Iteration 0: Pretrained-only GPTs - before RLHF.

Some of you might not be familiar with this version, hence calling it 0. This article covers it well. Essentially, it could continue text well, but it could not be asked questions with the expectation it would answer. Instead, it would be more likely to continue the text with several similar questions as these next-tokens are probable.

From witnessing these deficiencies, using RLHF to direct the model into an “instruct” version that would respond instead of continue was found to be invaluable, and thus added to the training regime.

Iteration 1: ChatGPT.

We all know this one. Was pretty amazing initially, but then we started to be able to recognize the hallucination problem. No matter how hard of a question, it would respond immediately with plausible text. Easy questions would often be right, but harder ones would often result in a web of lies. If you imagine taking a test which you are graded on by your stream of consciousness output, you might do the same thing. But, strangely, asking it to think step by step first and to think out loud in tokens before an answer would help it a lot.

From witnessing these deficiencies, using CoT to force multi-step reasoning resulting in higher quality answers was found to be invaluable, and thus added to the training regime.

Iteration 2: o1 (preview)

Most here are well aware. The model can now think dynamically, able to take its time before responding to continously iterate on the answer before submitting a final answer. Not fool proof, still makes mistakes, but achieves a new level of performance that was previously unavailable, same as iteration 0 to 1.

But, what new weaknesses and deficiencies are we squarely facing that we couldn’t quite see in the previous iteration? What new training paradigm might be possible/considered that was not before?

What’s next?

Technological progress is an inherently compounding venture, with the next advances generally depending upon the previous. We should expect this space to be no different (and we can already see the pattern emerging).

In my opinion, what o1 allows us that is impossible before is world-model building.

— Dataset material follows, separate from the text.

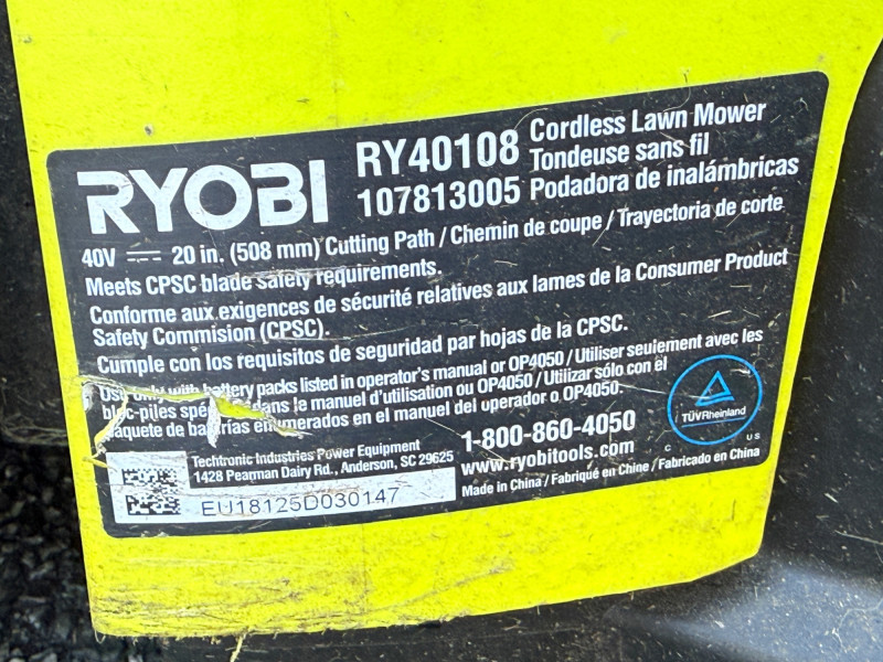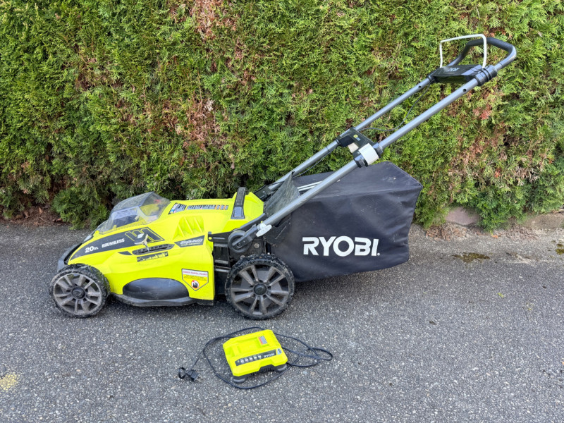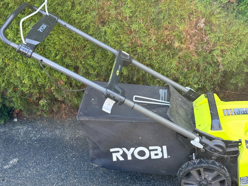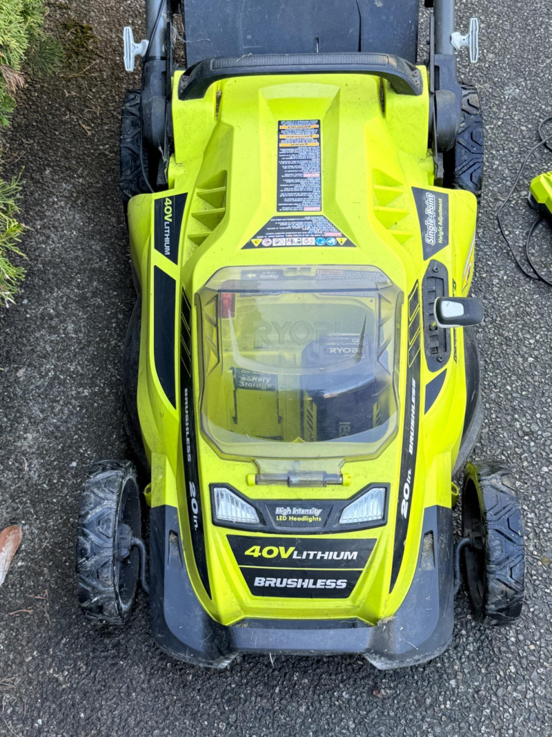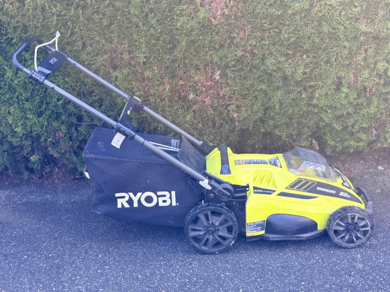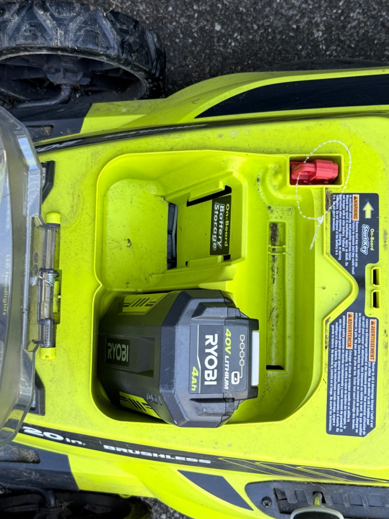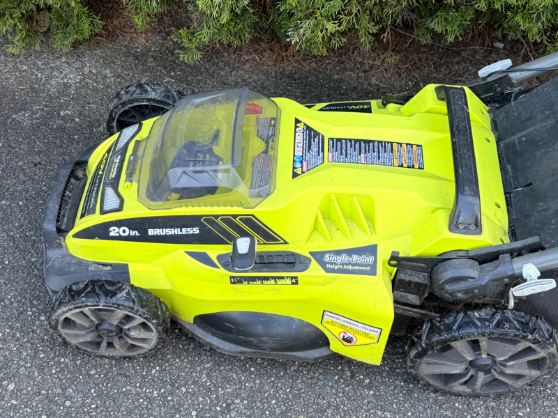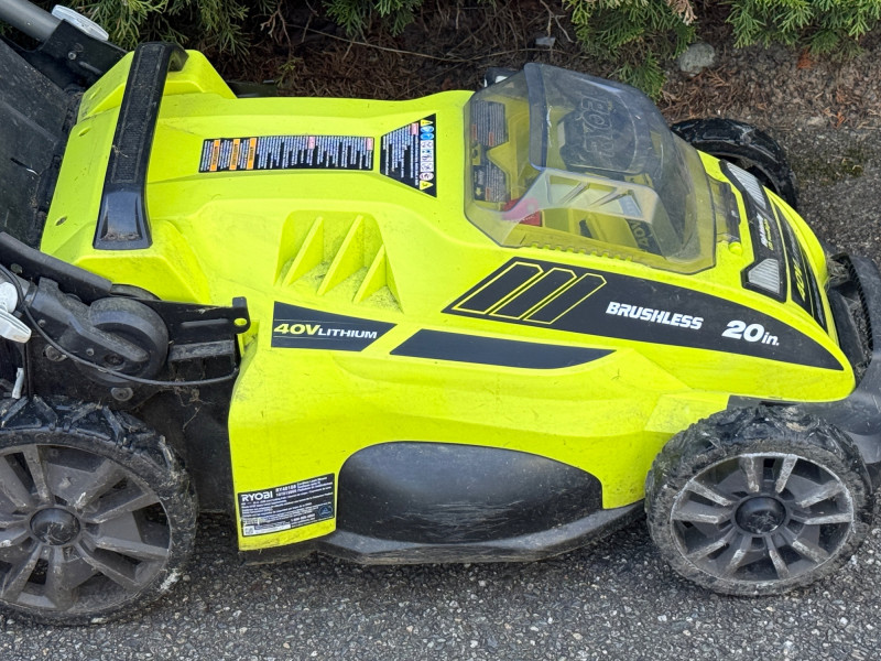 Ryobi 20 inch 40 Volt Brushless Lithium Cordless Battery Lawn Mower Bidding on this lot is an agreement that: (1) You will have 2 or 3 capable, able bodied persons to lift and load at a minimum. (2) You will bring a hand truck and/or any other tools needed to remove this item. If these steps are not followed your next item will be forfeit and no refund given.

We all talk about “does it have an internal world model or not”, as an accurate world model predicates accurate predictions/understandings of the world.

Before o1, if the model answered wrong, it was very difficult to understand why. What internal mechanisms failed and resulted in the inaccuracy? All you had was the output and the activations to investigate - not very useful.

But now we can see the reasoning steps, in plain language, and we can pin point exactly where the logic goes off the rails. Which means we can pinpoint exactly where we can train the inaccuracy out of the model. And maybe that means we can train the next model to have an explicit world-model portion, just as o1 has specific reasoning portions, where at the end of training we can inspect not only the output and reasoning chain, but the underlying truths/lemmas the model holds.

What do you think? Am I a cuckoo or is this a reasonable attempt at guessing the next? What do you think happens from here?

I still hold that AGI will be obvious when a model can become the best comedian in the world, selling out stadiums worldwide and leaving only happy attendees. I believe that there is so much of our humanity encoded into a successful routine that to succeed as well as AlphaZero in the space would mean it understands us better than ourselves.

What will be the iteration 3 models?